* _WHAT IS REQUIRED_: All of the data must be output exactly, with every picture left out.

##### SUPPLIED MATERIAL #####

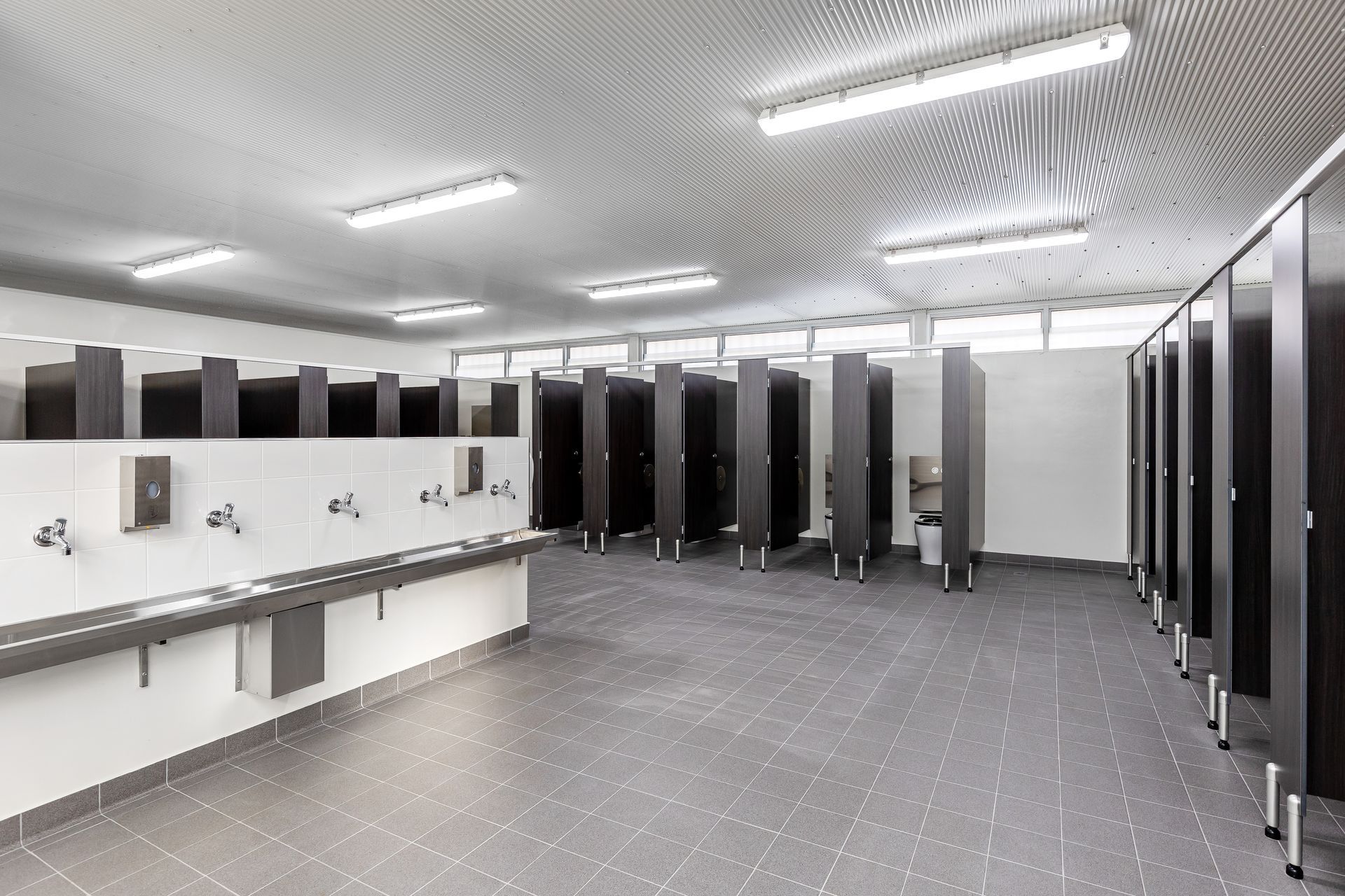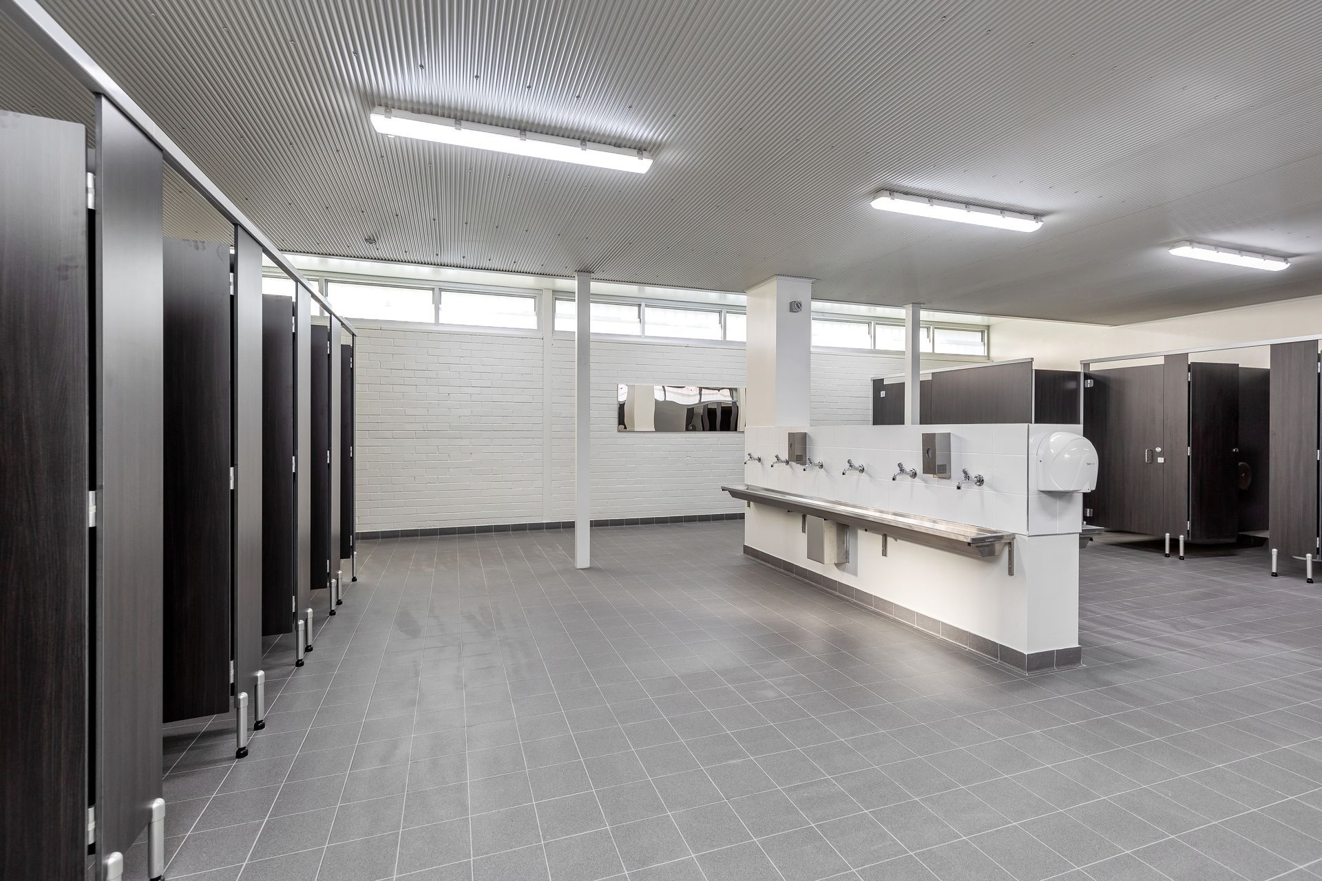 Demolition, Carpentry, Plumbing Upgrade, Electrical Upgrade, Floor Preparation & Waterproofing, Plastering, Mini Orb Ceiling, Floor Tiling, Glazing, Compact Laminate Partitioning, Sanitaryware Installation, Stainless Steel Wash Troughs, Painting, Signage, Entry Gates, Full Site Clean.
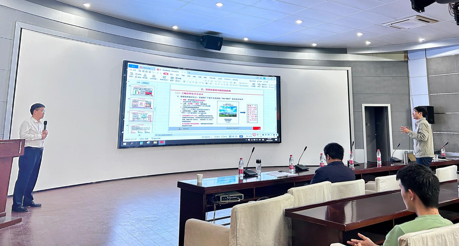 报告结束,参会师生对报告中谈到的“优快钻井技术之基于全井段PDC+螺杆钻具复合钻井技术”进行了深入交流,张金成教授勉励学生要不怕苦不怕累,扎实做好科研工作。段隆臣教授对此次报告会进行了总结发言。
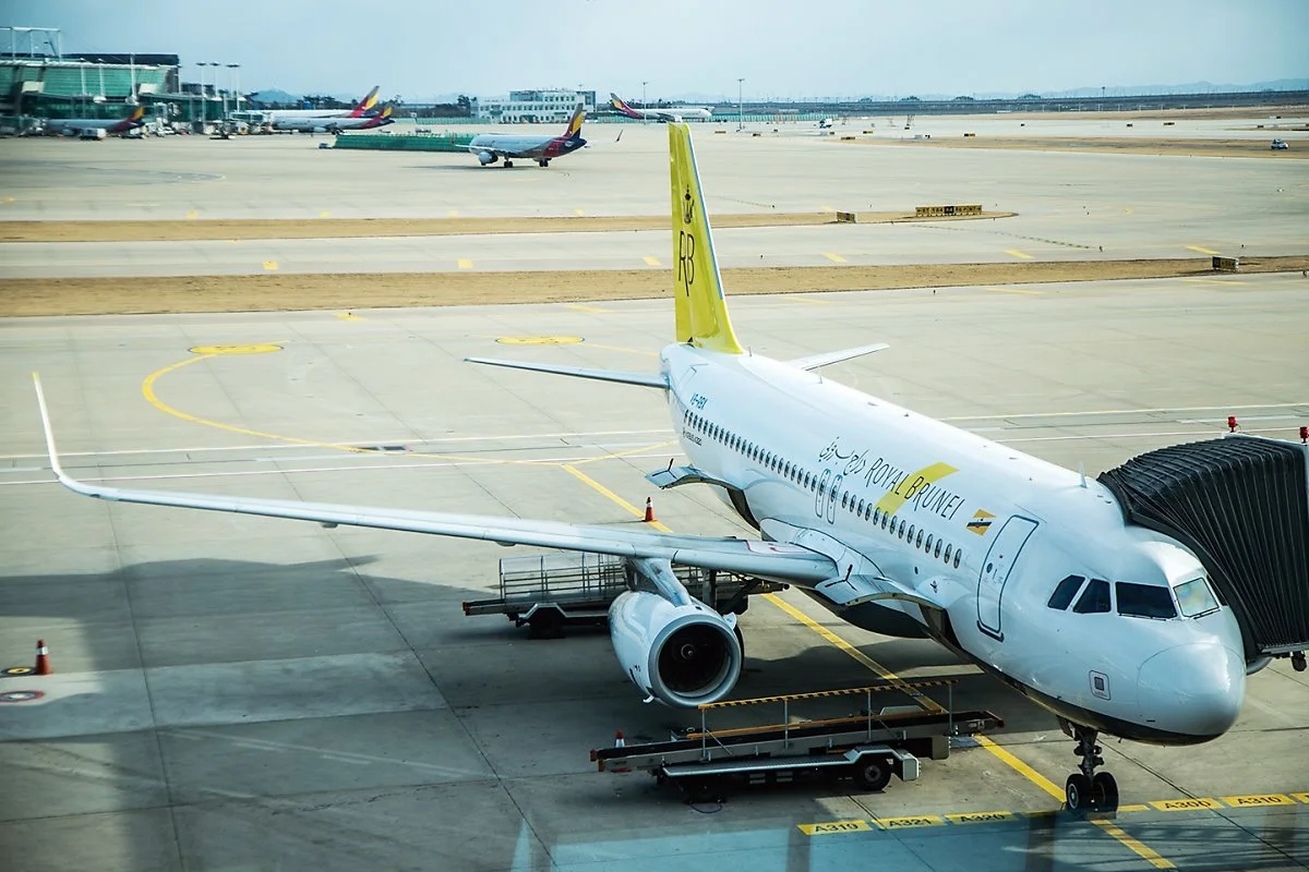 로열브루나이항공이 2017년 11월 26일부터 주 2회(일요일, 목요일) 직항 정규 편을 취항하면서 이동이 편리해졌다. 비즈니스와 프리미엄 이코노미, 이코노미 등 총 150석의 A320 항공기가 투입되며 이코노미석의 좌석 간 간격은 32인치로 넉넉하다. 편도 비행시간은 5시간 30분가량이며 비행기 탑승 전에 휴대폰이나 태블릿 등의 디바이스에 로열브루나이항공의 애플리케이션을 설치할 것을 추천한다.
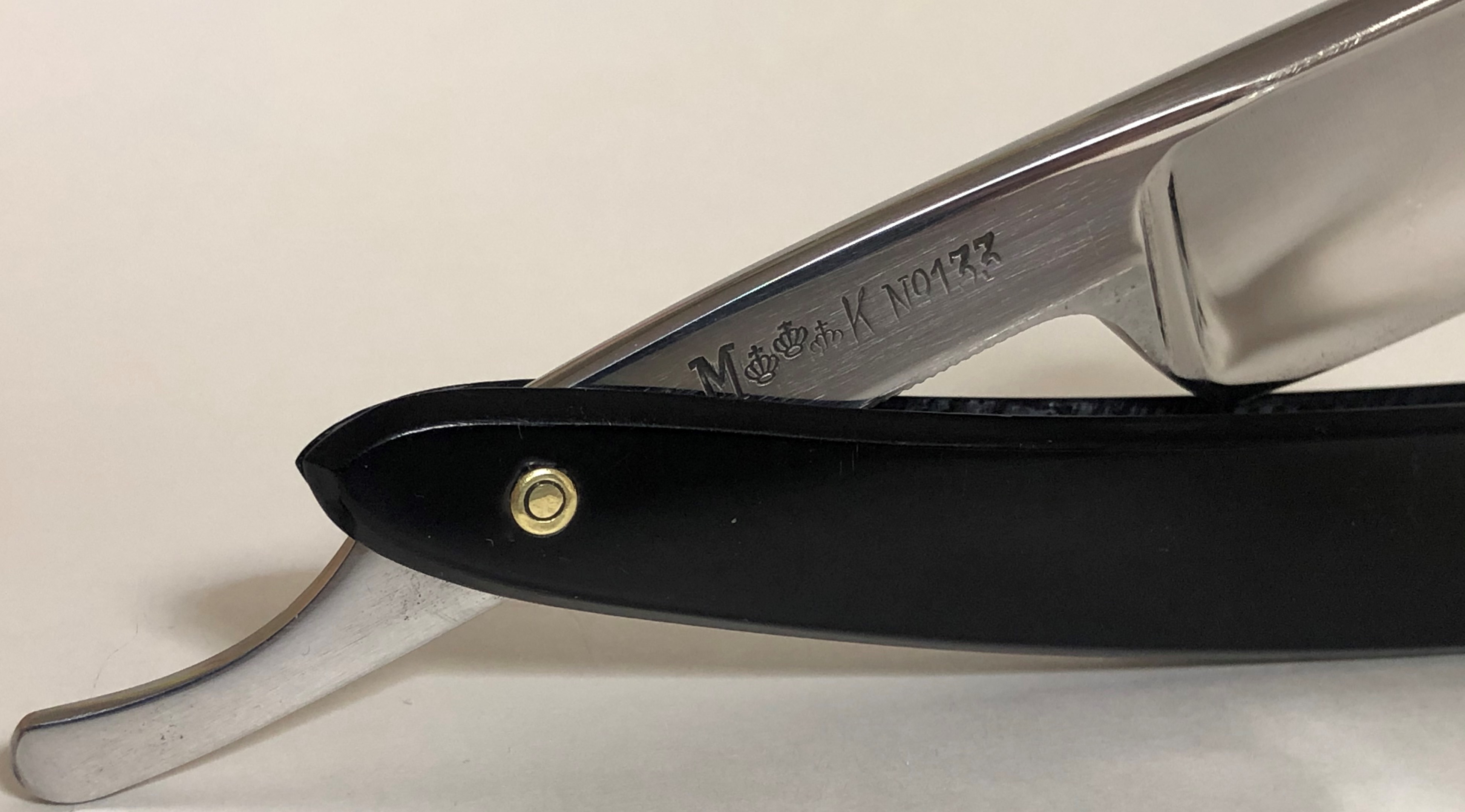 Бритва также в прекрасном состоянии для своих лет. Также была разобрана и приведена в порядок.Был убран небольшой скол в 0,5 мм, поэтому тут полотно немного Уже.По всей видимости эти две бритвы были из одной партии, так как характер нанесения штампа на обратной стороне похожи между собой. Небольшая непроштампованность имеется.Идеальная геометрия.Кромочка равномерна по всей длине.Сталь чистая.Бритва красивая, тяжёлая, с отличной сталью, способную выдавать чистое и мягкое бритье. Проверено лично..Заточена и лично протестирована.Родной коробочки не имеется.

#####

* _RESULT FOR THIS TASK_:
 Demolition, Carpentry, Plumbing Upgrade, Electrical Upgrade, Floor Preparation & Waterproofing, Plastering, Mini Orb Ceiling, Floor Tiling, Glazing, Compact Laminate Partitioning, Sanitaryware Installation, Stainless Steel Wash Troughs, Painting, Signage, Entry Gates, Full Site Clean.
 报告结束,参会师生对报告中谈到的“优快钻井技术之基于全井段PDC+螺杆钻具复合钻井技术”进行了深入交流,张金成教授勉励学生要不怕苦不怕累,扎实做好科研工作。段隆臣教授对此次报告会进行了总结发言。
 로열브루나이항공이 2017년 11월 26일부터 주 2회(일요일, 목요일) 직항 정규 편을 취항하면서 이동이 편리해졌다. 비즈니스와 프리미엄 이코노미, 이코노미 등 총 150석의 A320 항공기가 투입되며 이코노미석의 좌석 간 간격은 32인치로 넉넉하다. 편도 비행시간은 5시간 30분가량이며 비행기 탑승 전에 휴대폰이나 태블릿 등의 디바이스에 로열브루나이항공의 애플리케이션을 설치할 것을 추천한다.
 Бритва также в прекрасном состоянии для своих лет. Также была разобрана и приведена в порядок.Был убран небольшой скол в 0,5 мм, поэтому тут полотно немного Уже.По всей видимости эти две бритвы были из одной партии, так как характер нанесения штампа на обратной стороне похожи между собой. Небольшая непроштампованность имеется.Идеальная геометрия.Кромочка равномерна по всей длине.Сталь чистая.Бритва красивая, тяжёлая, с отличной сталью, способную выдавать чистое и мягкое бритье. Проверено лично..Заточена и лично протестирована.Родной коробочки не имеется.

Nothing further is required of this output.